First thing this morning I got to watch Amber teach 3 kids English. It was a cool process as they were so willing to learn! But I had enough in the classroom after an hour and decided to go play in childcare with Dora, Roberto, and another little girl. I love playing with kids (and acting like one too). Plus I could not help but think about the little Bantu kids in Fort Wayne, I hope they are doing well.
I decided today that this life is not for me. I talked to Amber and other Jubilee volunteers and I gained so much respect for them and all the hard work they put in for the sake of the community and for no financial gain. They take care of each other and demonstrate the Acts Church so well but this is one intentional community that I just could not live in. However, I love the ideas behind it and was made aware of urban intentional communities that help the homeless and visit prisons. Now that is my kind of life! I hope I can get in to visit this week! Homeless shelter here I come!

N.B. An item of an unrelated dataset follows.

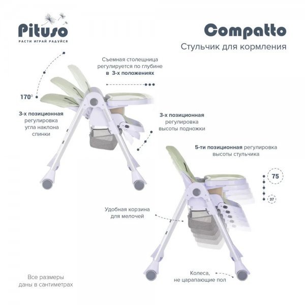 Pituso Compatto – устойчивый и комфортный стульчик для кормления. Стульчик легко складывается и не занимает много места, оснащен 2-мя колесиками, которые позволяют легко передвигать стул по дому, а благодаря съемному чехлу из ЭКО кожи стульчик удобен и прост в уходе. 3 позиции для регулировки столика позволяют настроить наилучшее положение для кормления, а лоток для приема пищи отлично моется в посудомоечной машине. Пятиточечные страховочные ремни безопасности помогут весело проводить время с малышом, не опасаясь, что ребенок может упасть. Угол наклона спинки фиксируется в 3-х положениях (сидя, полулежа и практически лежа 170 градусов максимальный угол наклона спинки). Современная эргономичная форма прекрасно впишется в любой интерьер.

I am very thankful that amidst my bad attitude that I have such a great friend like Amber who can just let me be so open and honest. As I tried to shake my bad attitude from last night I was dealt some tragic news that broke my heart all day. Being away from friends when they are going through hard times is going to be hard for me.
Tonight I finally felt ok with being at Jubilee and found serenity in my circumstances. God’s creation is so beautiful when it is not tampered with by humans who think they can make it look better. I started to smile again and have a good time as I sat by the lake and as I watched a thunderstorm. I hope I get more moments to just sit and enjoy creation.